В гардеробе клуба Тараскин и Гриша Шесть-на-девять о чем-то сговаривались с ребятами из мамыкинской бригады. Увидев меня, Гриша и закричал:
— Ага, вот Шарапов пришел, мы его сейчас туда направим!.. Иди сюда, Володя!
— Сейчас. — Я сдал шинель и фуражку в гардероб, подошел к ним и шутя козырнул: — Для прохождения службы прибыл…
Тараскин смотрел на меня, как будто его заморозили, потом сказал медленно:
— Ну и даешь ты, Шарапов…
— Вот это иконостасик, — сказал восхищенно Гриша.
— Да ты не красней! — хлопнул меня по плечу Мамыкин. — Чай, свои, не чужие…
— Это я от удовольствия, — пробормотал я смущенно.
— Тихарь же ты, Шарапов, — мотал сокрушенно головой Тараскин. — Хоть бы словечко сказал…
— А что я тебе должен был говорить? — спросил я растерянно.
— Шарапов, я о тебе заметку в нашу многотиражку напишу, — пообещал Гриша.
— Да бросьте вы, в самом деле!
И в это время появился Жеглов. Он меня в первый момент, по-моему, не узнал даже и собирался пробежать мимо и, только поравнявшись, заложил вдруг крутой вираж, присмотрелся внимательно, оценил и сказал Мамыкину:
— Учись, каких орлов надо воспитывать! Не то что твои задохлики!..
Даже мамыкинские «задохлики», стоявшие тут же, рассмеялись, и я сам был уже не рад, что стал предметом всеобщего обсуждения и рассмотрения.
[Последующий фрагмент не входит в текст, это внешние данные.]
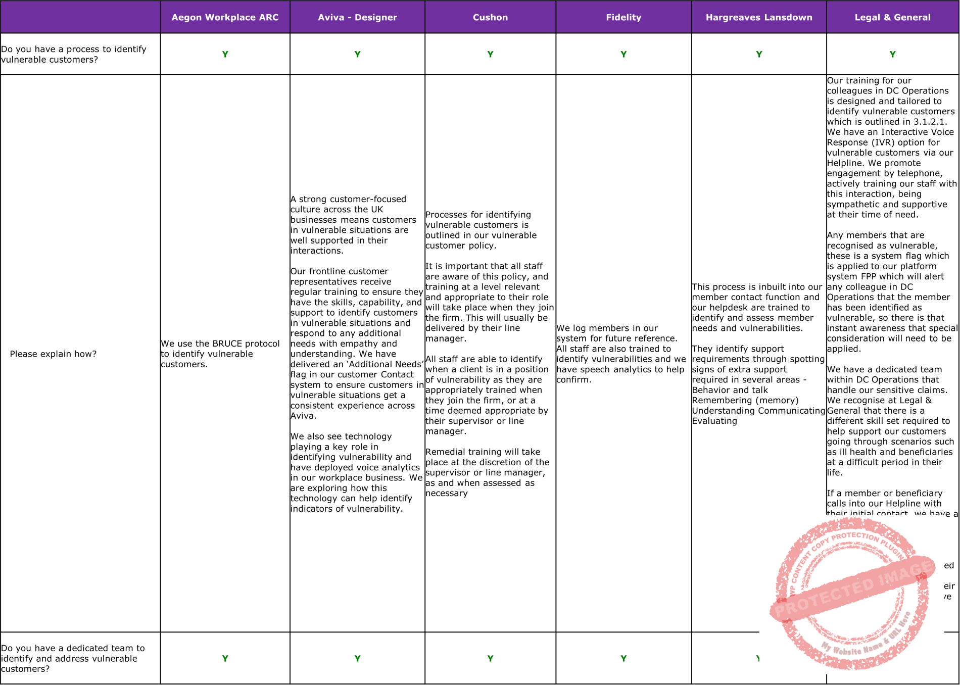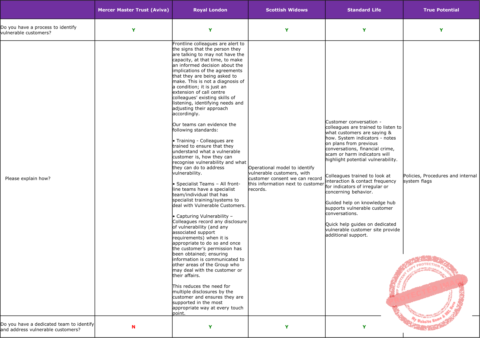 All providers in our analysis, other than Mercer Master Trust and True Potential also have confirmed that they have a dedicated team to identify and address vulnerable customers.
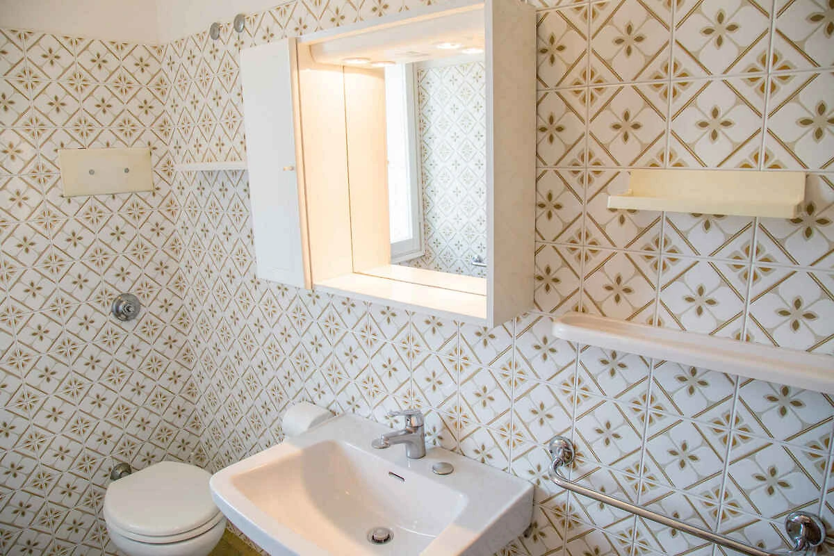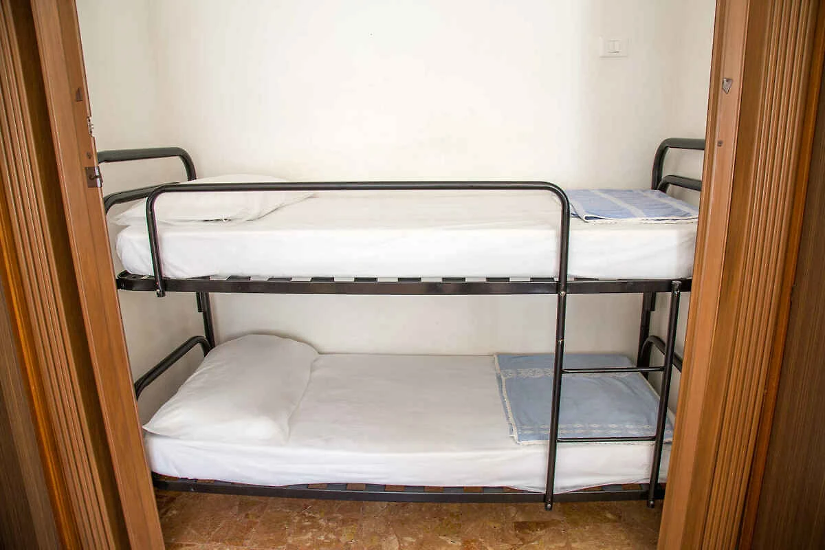 L'ingresso nel vostro appartamento per le vacanze si trova su diversi piani. Soggiorno/camera da letto con 1 letto a castello, TV, (5 posti) e accesso al balcone. Camera da letto con 1 letto matrimoniale, 1 letto aggiuntivo su letto pieghevole, 1 lettino e accesso alla terrazza. Angolo cottura nel soggiorno/camera da letto con (5 posti), fornello a gas (4 fuochi), frigorifero (congelatore), microonde e accesso alla terrazza. Bagno con doccia, WC, bidet e finestra.
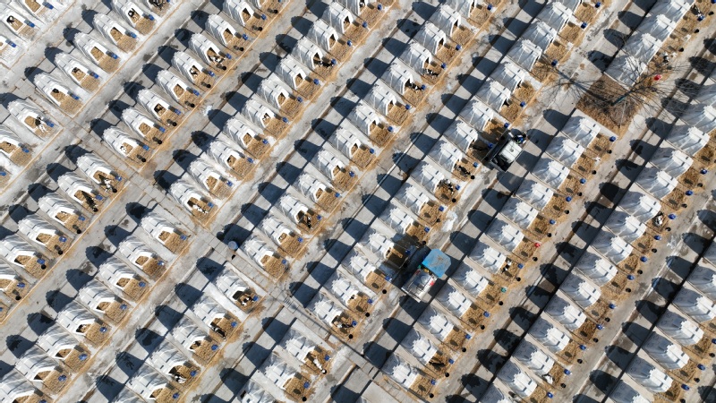 2月18日,蘇墾乳業(yè)工人在優(yōu)然牧業(yè)犢牛島添水加料、喂食牛犢。
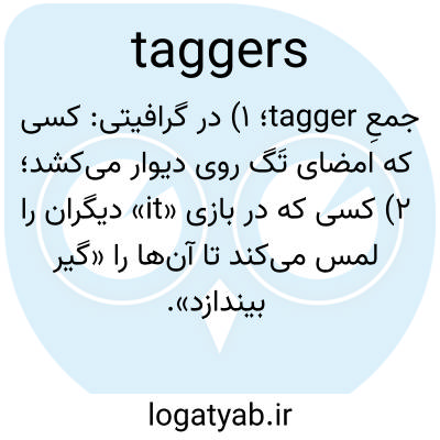 جمعِ tagger؛ ۱) در گرافیتی: کسی که امضای تَگ روی دیوار می‌کشد؛ ۲) کسی که در بازی «it» دیگران را لمس می‌کند تا آن‌ها را «گیر بیندازد».
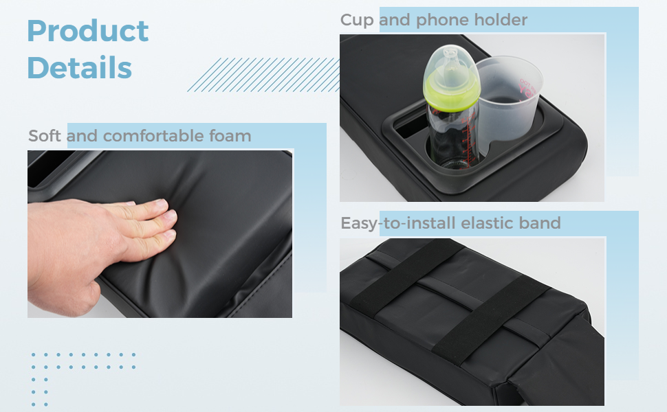 【تركيب بدون متاعب】تم تصميم مسند الذراع الخاص بنا بأشرطة مرنة مرنة، ويمكن تثبيته بسهولة على وحدة التحكم المركزية في غضون ثوانٍ. لا الأدوات المطلوبة! يحمل حامل الأكواب والهاتف مشروبك وكوب الماء والعملات المعدنية والبطاقات المصرفية وغيرها من الأشياء الصغيرة بشكل مريح، مما يوفر وصولاً سريعًا وسهلاً أثناء القيادة.
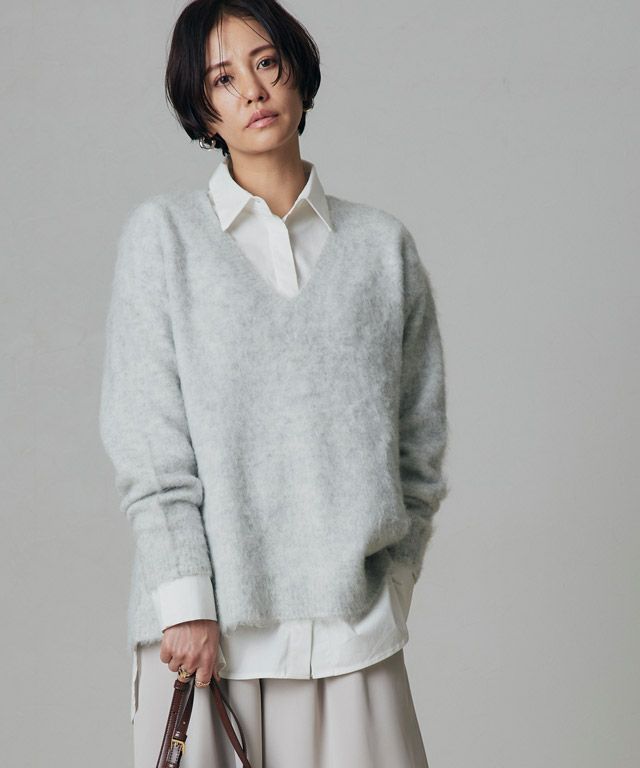 トレンド感と表情をプラスしてくれる毛足の長いシャギー素材。ニュアンスカラーとふんわりとした表面感が相まって女性らしい柔らかな雰囲気へと導いてくれます。アルパカ混紡で軽くて暖かい、着心地の良い一枚です。
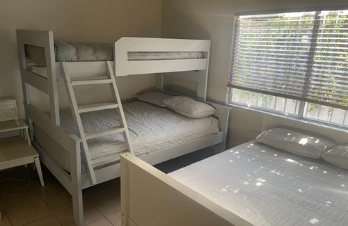 This 3-bedroom house is perfect for your escape to Rosarito. With 1 king bed, 1 bunk bed, 1 twin bed, and 1 queen bed, this amazing property can comfortably accommodate you and your guests. The 3 bathrooms are equipped with showers for your convenience. Imagine waking up in this pleasant retreat, surrounded by soothing vibes. A great place to call homebase while you're away, we hope you enjoy your stay. Steps from the Beach.
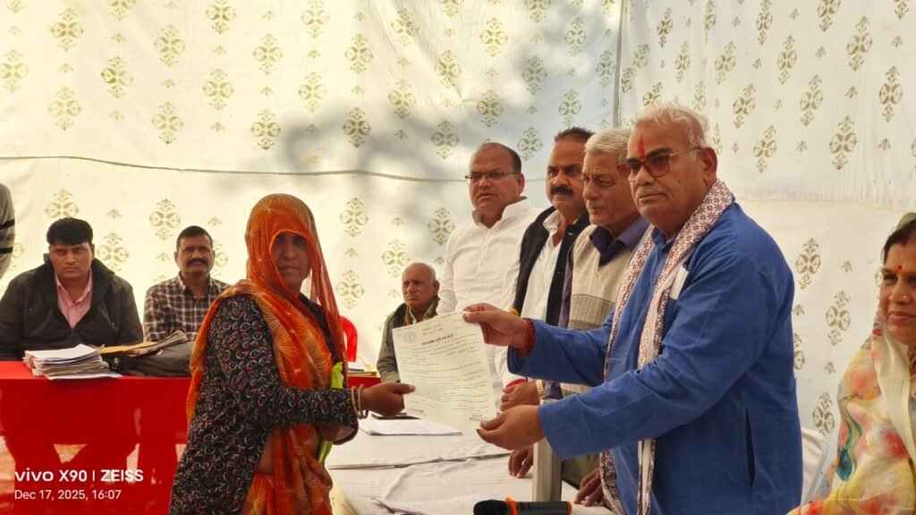 शिविर के दौरान मंत्री ने 8 ग्रामीणों को आवासीय पट्टे, 18 लाभार्थियों को प्रधानमंत्री आवास योजना के स्वीकृति पत्र तथा एक दंपति को विवाह पंजीयन प्रमाण पत्र प्रदान किए। उन्होंने कहा कि सरकार की मंशा है कि योजनाओं का लाभ अंतिम व्यक्ति तक पहुंचे और प्रत्येक आवेदन का समयबद्ध निस्तारण हो।

А Жеглов, одобрительно похлопывая меня по спине, сказал:
— Вот когда за работу в МУРе тебе столько же нацепят, сможешь сказать, что жизнь прожил не зря. И не будет тебя жечь позор за бесцельно прожитые годы…
Ребята гурьбой отправились в зал, а я стал прохаживаться в вестибюле. Подходили знакомые и неизвестные мне сотрудники, многие с женами, все принаряженные, праздничные, торжественно-взволнованные. Прошагал мимо начальник отдела Свирский в черном штатском костюме, на лацкане которого золотом отливал знак «Заслуженный работник НКВД», в красивом галстуке. Около меня он на минуту задержался, окинул взглядом с головы до ног, одобрительно хмыкнул:
— Молодец, Шарапов, сразу военную выправку видать. Не то что наши тюхи — за ремень два кулака засунуть можно. — Он закурил «беломорину», выпустил длинную синюю струйку дыма, спросил: — Ну как тебе служится, друг?
— Ничего, товарищ подполковник, стараюсь. Хотя толку пока от меня мало…
— Пока мало — потом будет много. А Жеглов тебя хвалит… — И, не докончив, ушел.
Наверху в фойе играл духовой оркестр, помаленьку в гардеробе стали пригашивать огни, а Вари все не было. Я сбежал по лестнице к входным дверям, вышел на улицу и стал дожидаться ее под дождем.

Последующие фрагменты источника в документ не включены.